If you read Yves blog post about waffle yesterday we are seeing some weird gremlins in the system and could use some scoobey doo detective work if you have some ideas. The strange thing is it only exhibits under high load. So it really seems like we may have missed some background cleanup process that accesses or removes pages from disk or the buffer pool without going through the functions we call waffle in (buf_LRU_search_and_free_block & buf_read_page_low ).
One of the idea’s I had was trying to narrow the scope of what’s being pushed and read form Memcached. Even though I am using file per table, system tablespace pages are still making it in and out of memcached. I thought if we missed something maybe it was here ( even though I could not find it in the code ). I mean cleaning up undo or internal data would seem like a logical place to miss something. So I hacked Waffle to only send blocks from space id’s > 1. This effectively means only actual table data should be going to and from Memcached.
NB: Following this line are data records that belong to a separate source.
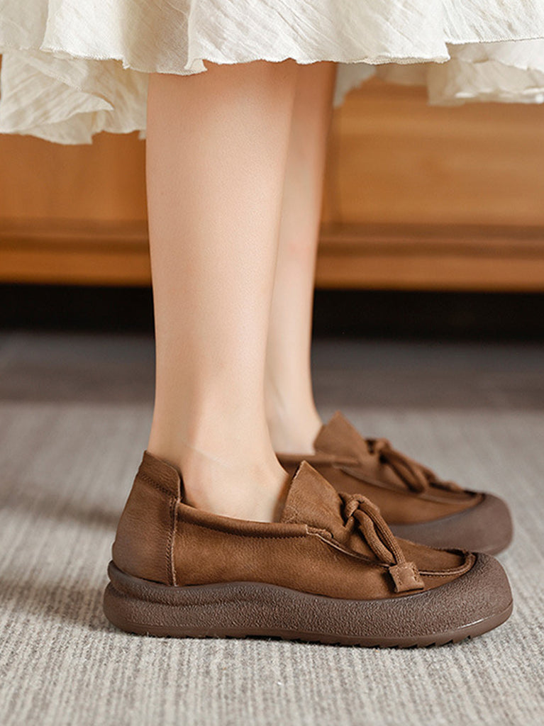 Zapatos planos vintage con correa de cuero genuino para mujer
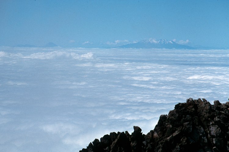 Mount Egmont (2517 m), Gipfel. Blick nach Osten , in über 100 km Entfernung rechts Mount Ruapehu und links Mount Ngauruhoe im Tongariro National Park.
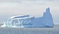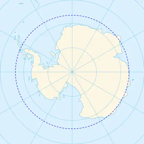 The position of the Antarctic Circle is not fixed and, not taking account of the nutation, currently runs 66°33′50.6″ south of the Equator.[1] This figure may be slightly inaccurate because it does not allow for the effects of astronomical nutation, which can be up to 10″. Its latitude depends on the Earth's axial tilt, which fluctuates within a margin of more than 2° over a 41,000-year period, due to tidal forces resulting from the orbit of the Moon.[2] Consequently, the Antarctic Circle is currently drifting southwards at a speed of about 14.5 m (48 ft) per year.
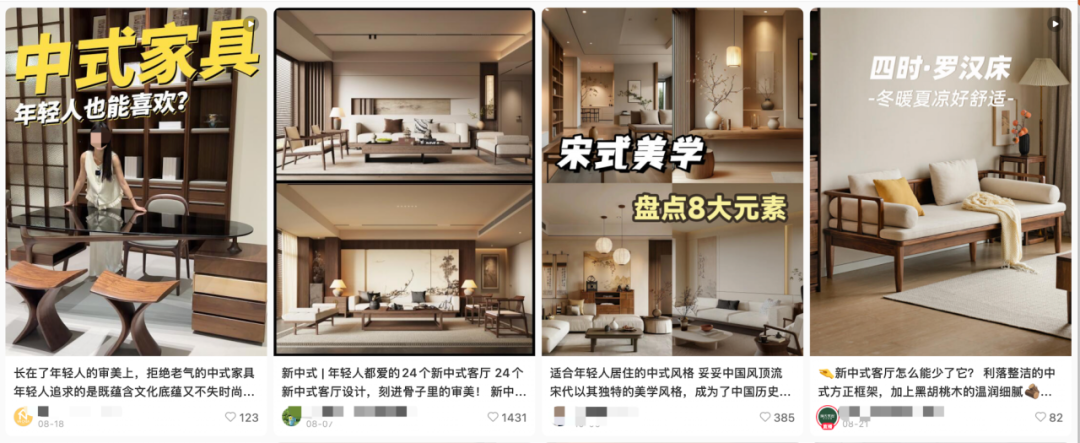 家居市场也是“新中式”消费风潮发展最为自然的领域。根据千瓜数据的调查显示,2023年“新中式家居”的流量持续增长,在小红书的相关种草笔记数增长超63%,月均互动达百万级,新中式家具市场也在不断成熟,除了木质家具外,其他品类如“壁纸、地毯、床垫”等品类的种草笔记数或互动量增长也超300%。
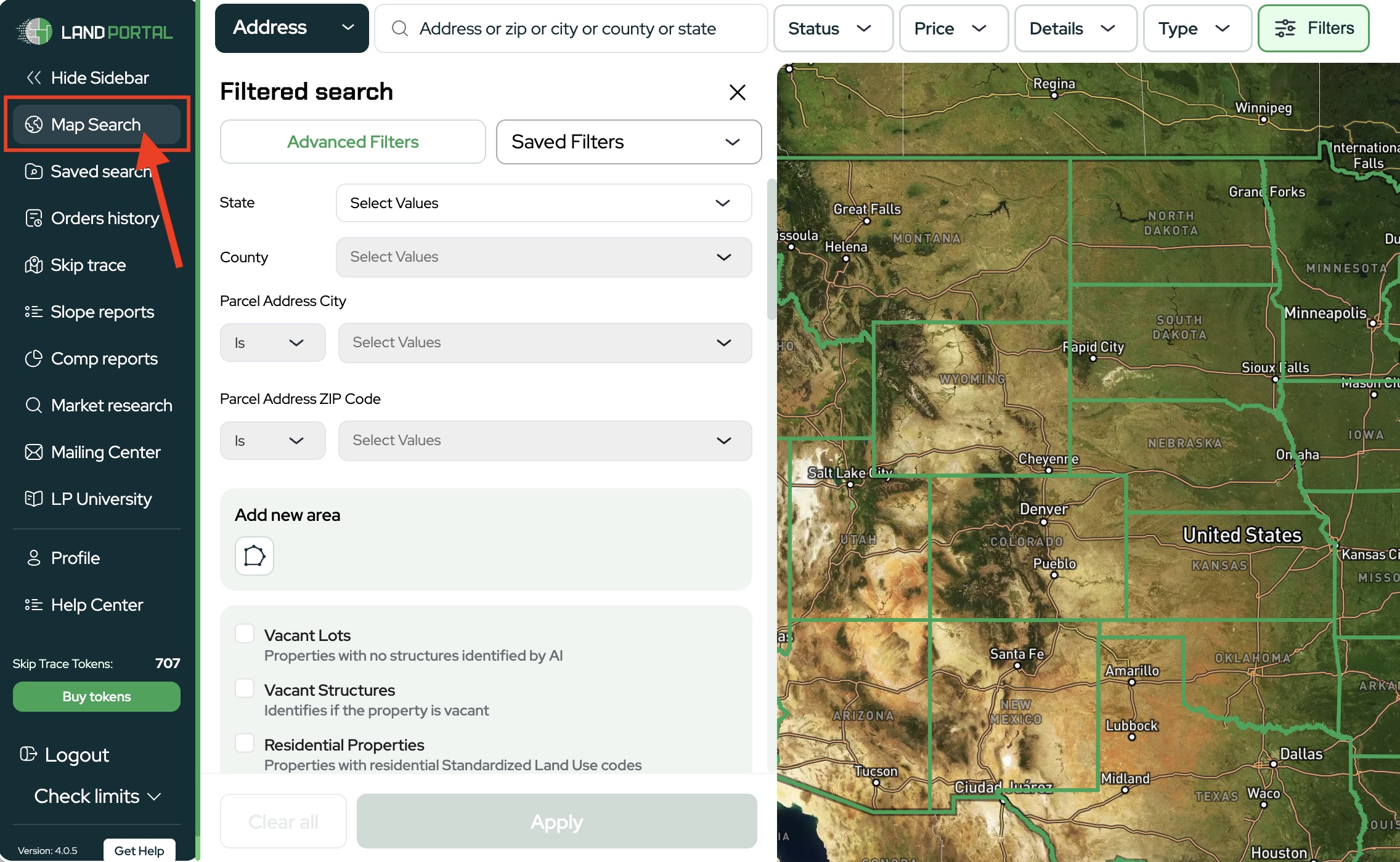 - Once logged in, open the Map Search to begin.
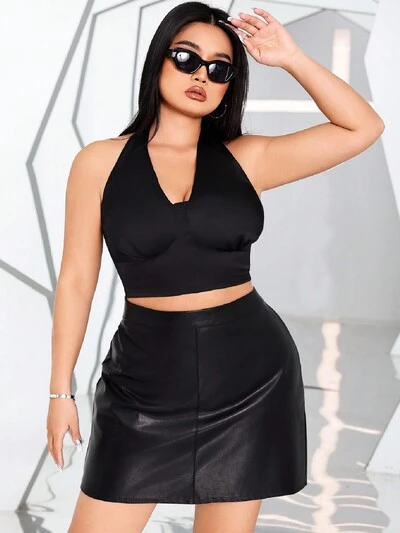 Plus Size Solid Color V-Neck Halter Cropped Tank Top
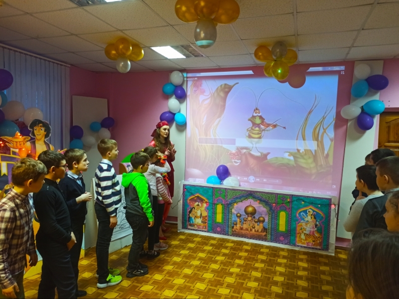 Чего здесь только не было! Завораживающие видеосюжеты, загадочно мерцающее платье Жасмин, удивительная музыка востока, конкурсы «Узнай мультфильм по музыке», «Разные штучки», «Кулинарная интуиция», «Дефиле», «Королевы и богини». Большое впечатление оставила игра Джинн «Акинатор», игра «Волшебная лампа». Было много приключений с любимы-ми героями, но главное - победили грозного Джафара.

To my utter amazement performance dropped by over 50% when I eliminated the reads/writes from memcached for space ID 1… that is just massively huge! In fact I counted nearly 2x more sets/gets on space 1 then I did on any other space. Maybe I am just tired right now, but this seems wrong. I mean sure space 1 pages may get LRU’d … but at that frequency it’s a bit crazy. I need to dig deeper into this.
***** I guess I was just tired:) Space ID for the system space is 0, dooooh “egg and my face are in alignment” ****